In identifying which features of lexical , syntactical and discourse relations has a greater impact in estimating the readability. The following results were found.

>>>They tested among the average number of characters per word, average number of words per sentence, maximum number of words per sentence, and article length and found that longer articles are perceived as less well-written and harder to read than shorter ones. They used unigram language models(Unigram models only calculate the probability of hitting an isolated word, without considering any influence from the words before or after the target word )to predict the probability of an article, when this unigram language model was combined with the length of an article it had an higher predictibility.
>>>They examined the four syntactic features used in (Schwarm and Ostendorf, 2005): average parse tree height (F1), average number of noun phrases per sentence (F2), average number of verb phrases per sentence (F3), and average number of subordinate clauses per sentence(SBAR's).
Having multiple noun phrases (entities) in each sentence requires the reader to remember more
items, but may make the article more interesting-
example of noun phrase:A dream that one day on the red hills of Georgia the sons of former slaves and the sons of former slave owners will be able to sit down together at a table of brotherhood
While including more verb phrases in each sentence increases the sentence complexity.
Example of verb phrases:As she was walking to the mall, she came across some old letters lying on the road.

>>>Discourse relations
A discourse relation is a description of how two segments of discourse(a continuous piece of spoken or written language) are logically connected to one another.
All of the discourse relations were annotated using PDTB(Penn Discourse Tree Bank).
Penn Discourse Treebank is the largest annotated resource.
In short PDTB annotates all the explicit relations ,implicit relations , no relations in a text.The log likelihood of discourse relations and log likelihood of the number of discourse relations in the text under a multinomial model was very highly and significantly correlated with readability ratings, especially after text length was taken into account.
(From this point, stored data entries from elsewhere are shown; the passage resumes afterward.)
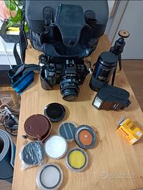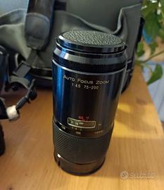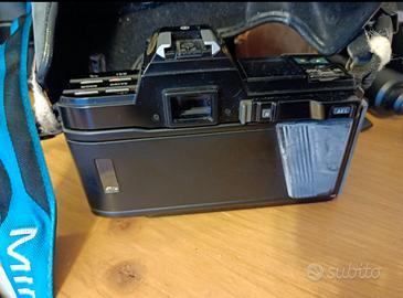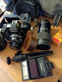 macchina fotografica analogica ,Minolta 7000 35 mm con istruzioni, flash, cavalletto, 2 obiettivi, borsone, varie lenti,1.rullino.. tutto come da foto.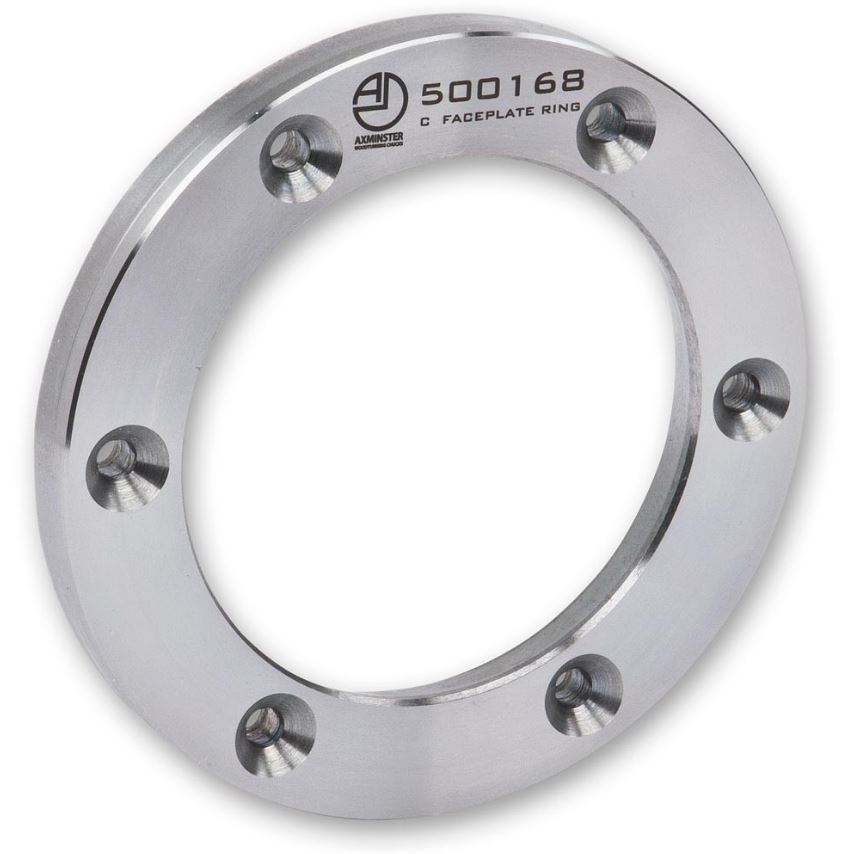 Made to match the A, B, C and F dovetail jaws, these rings do away with the need for a separate faceplate on which to mount a bowl blank prior to turning the outside. Simply screw the ring to the chosen blank with woodscrews and expand the dovetail jaws into the recess in the centre of the ring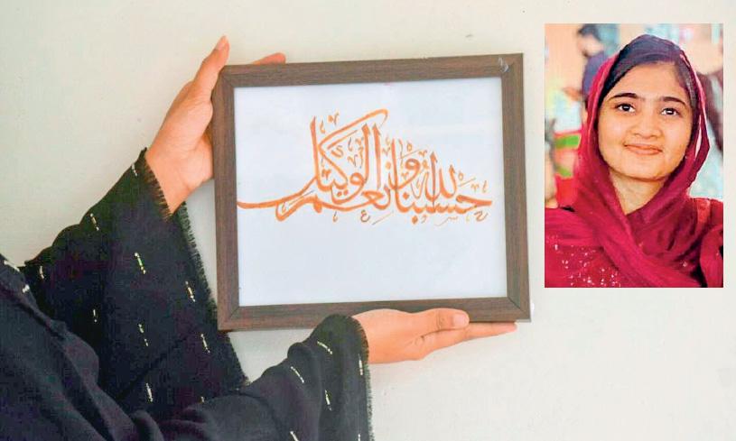 അറബി ലിപികൾ ആകര്ഷകവും സൗന്ദര്യാത്മകവുമായി വിന്യസിച്ച് മനോഹര രൂപങ്ങളാക്കി മാറ്റുന്ന വിദ്യയിൽ ഈ പെൺകുട്ടി ഏറെ വിജയിച്ചിരിക്കുന്നു. തമിഴ്നാട് നീലഗിരി ആർട്സ് ആൻഡ് സയൻസ് കോളജിൽ ബി.എ ഇംഗ്ലീഷ് ലിറ്ററേച്ചർ രണ്ടാം വർഷ വിദ്യാർഥിനിയാണ് കണ്ണമംഗലം എടക്കാപ്പറമ്പിൽ, ആലുങ്ങൽ അബ്ദുൽ റസാഖ്-ബുഷ്റ ദമ്പതികളുടെ മകളായ ആയിഷ നിദ.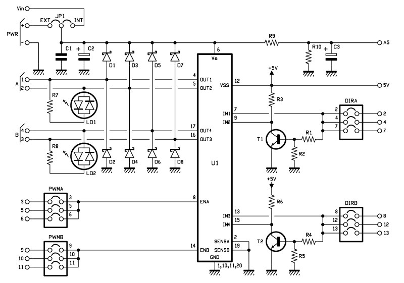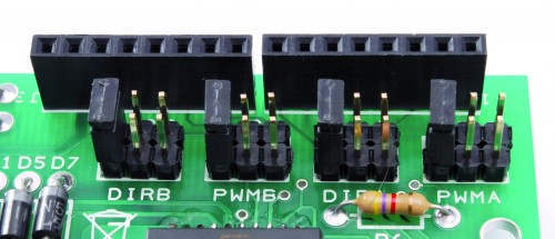 With the jumper DIRA and DIRB the user select the direction of the motor A and B.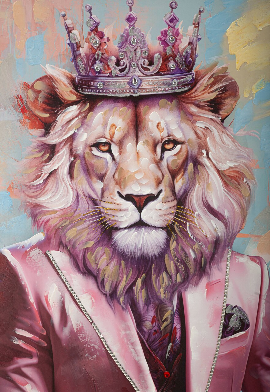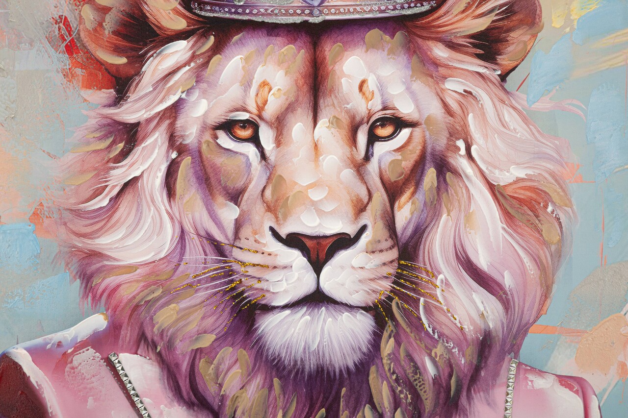 Tablou decorativ King-A, Mauro Ferretti, 82x122 cm, metal/lemn de brad/canvas, multicolor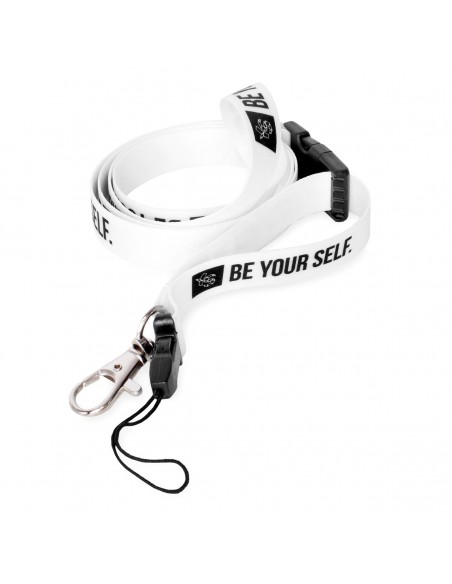 Drukowana smycz tkaninowa z logo marki oraz hasłem BE YOURSELF.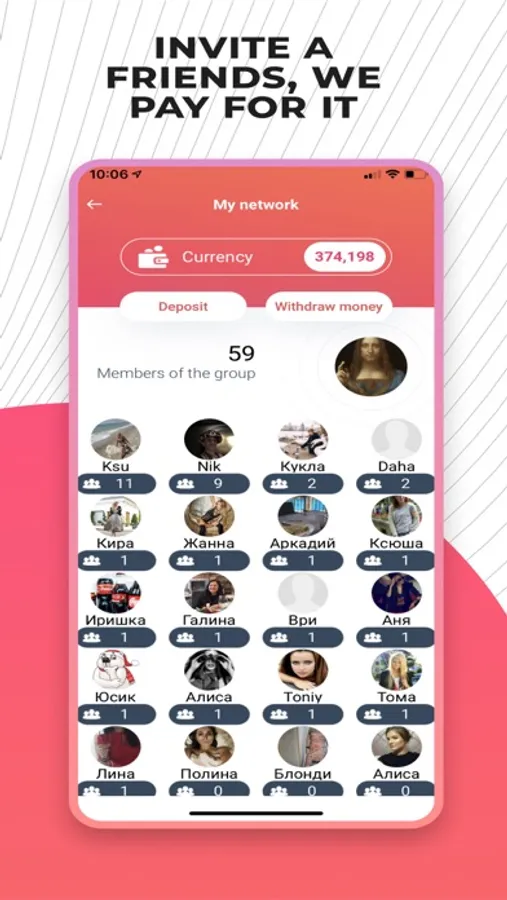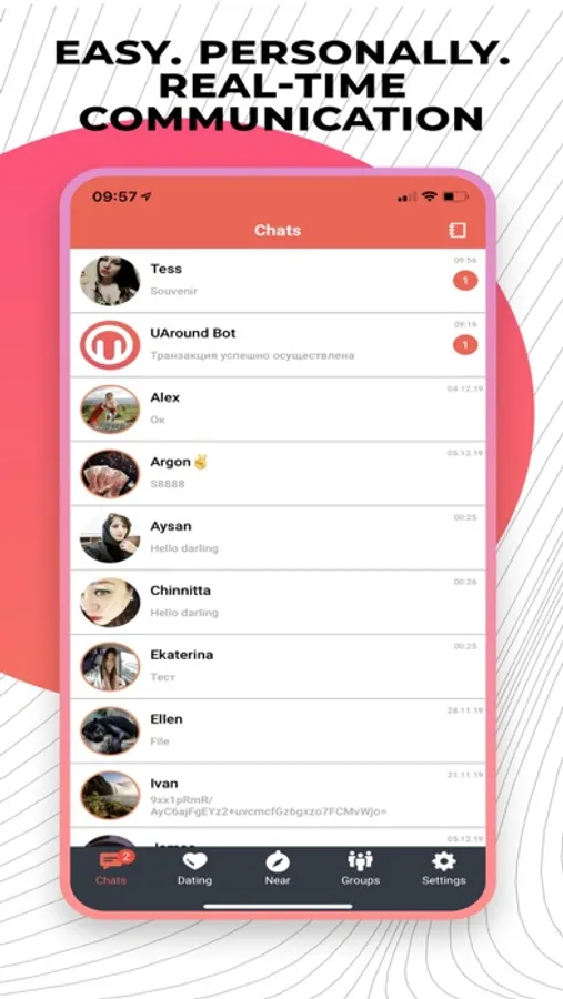 We combined 5 applications in one: the full functionality of the messenger, the most popular features in dating, enabled users to see who nearby, made it possible for users to create and administer their thematic group for business, created a loyalty program in which you can easily earn if you invite friends.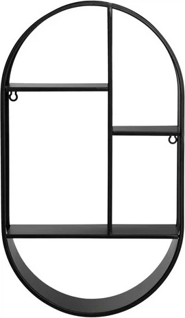 Настінна полиця SIIRI — це практичний спосіб упорядкувати простір і ефектно виставити улюблені предмети. Її овальна конструкція з 3 рівнями пропонує зручне місце для декорацій, книг, кімнатних рослин або інших предметів, які ви хочете мати під рукою і водночас виставити на показ. Розміри 35 × 60 см роблять полицю місткою, але при цьому вона не перевантажує інтер'єр.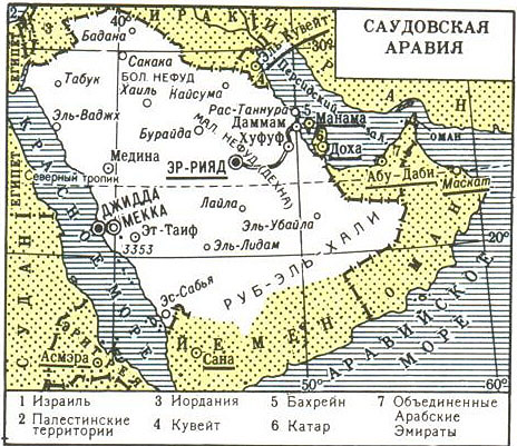 САУДОВСКАЯ АРАВИЯ (Королевство Саудовская Аравия), государство на Ю.-З. Азии, занимает 2/3 Аравийского полуострова и ряд прибрежных островов в Красном море и Персидском заливе. Пл. 2,15 млн. км2 (границы Саудовской Аравии на Ю. и Ю.-В. проходят по пустыням и чётко не определены). Население 18,4 млн. чел., в осн. саудовцы (арабы Саудовской Аравии). Официальный язык - арабский. Государственная религия - ислам. Монархия во главе с эмиром. Столица - Эр-Рияд. Адм.-терр. деление: 13 адм. р-нов. Денежная единица - риал Саудовской Аравии.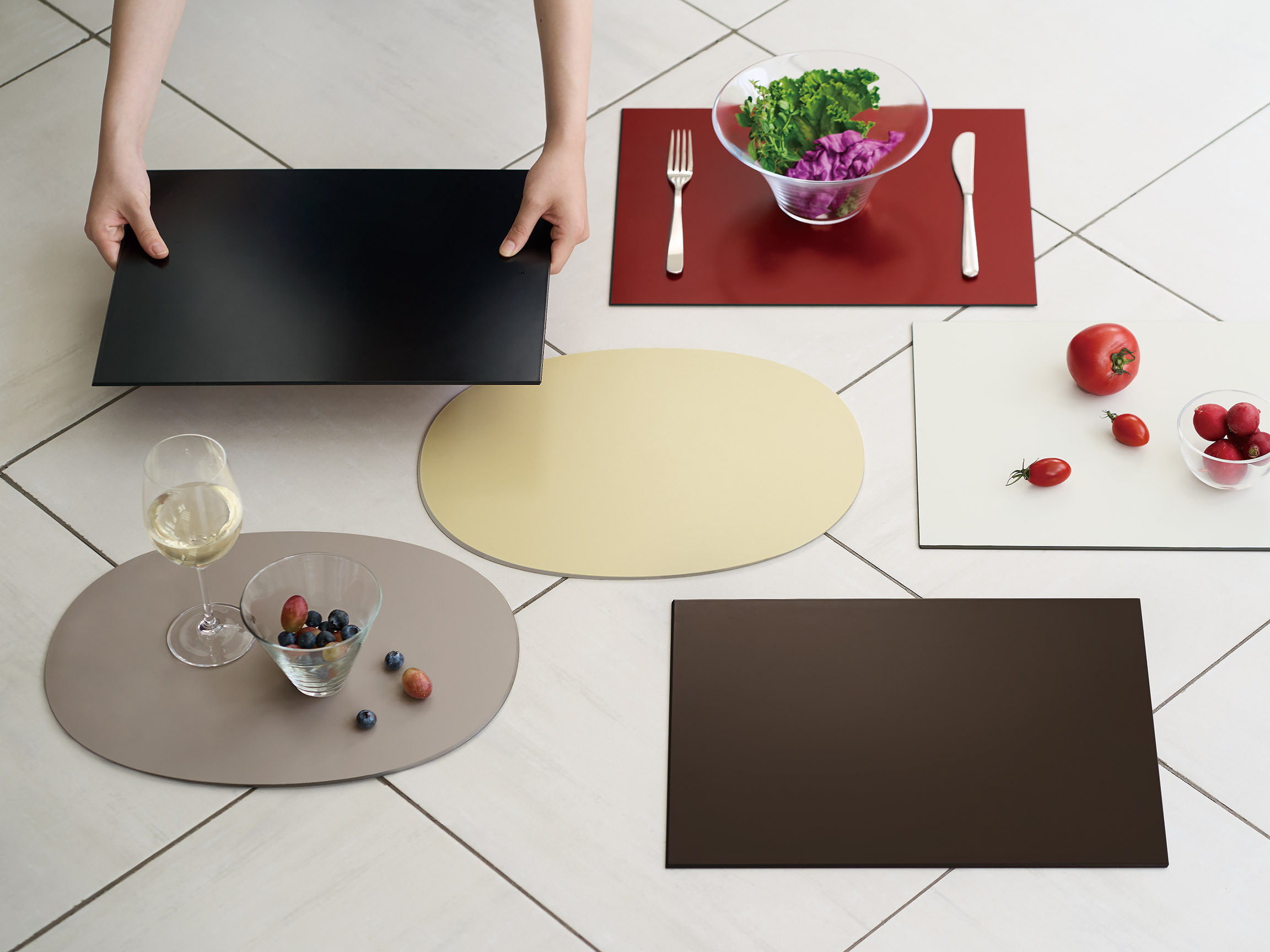 持ちやすさと取り上げやすさも追求し端の部分は若干斜めにカットされています。ノンスリップで配膳もスムーズ、食材をのせれば洗い物が少なくシーンにあわせてお使いいただけます。

>>>The entity grid was computed using the brown coherence toolkit.Each text is represented
by an entity grid, a two-dimensional array that captures the distribution of discourse entities across text sentences. The rows of the grid correspond to sentences, while the columns
correspond to discourse entities. The discourse entity were the noun phrases.For each occurrence of a discourse entity in the text, the corresponding grid cell contains information about its grammatical role in the given sentence. Each grid column thus corresponds to a string from a set of categories(x,o,s,-) reflecting the entity’s presence or absence in a sequence of sentences. The set of categories consists of four symbols: S (subject), O (object), X (neither subject nor object) and – (gap which signals the entity’s absence from a given sentence). The probability of each of the entity grid is calculated.
But none of the individual entity grid features were significantly correlated with the readability ratings. But the combination of entity grid features had a greater impact on readability.



At last the author combines all the above features with the linear regression(is an approach towards modelling the relationship between the known and unknown variables) to find out the best possible combination of the feaures to predict the readability perfectly and found that-
vocabulory(language models), discourse features, sentence length, a combination of entity grid features combination gives the best result for regression

I hope the explanation of the above paper will take us into the more understanding of readability-assessment.


More ideas and more work to come along!!!!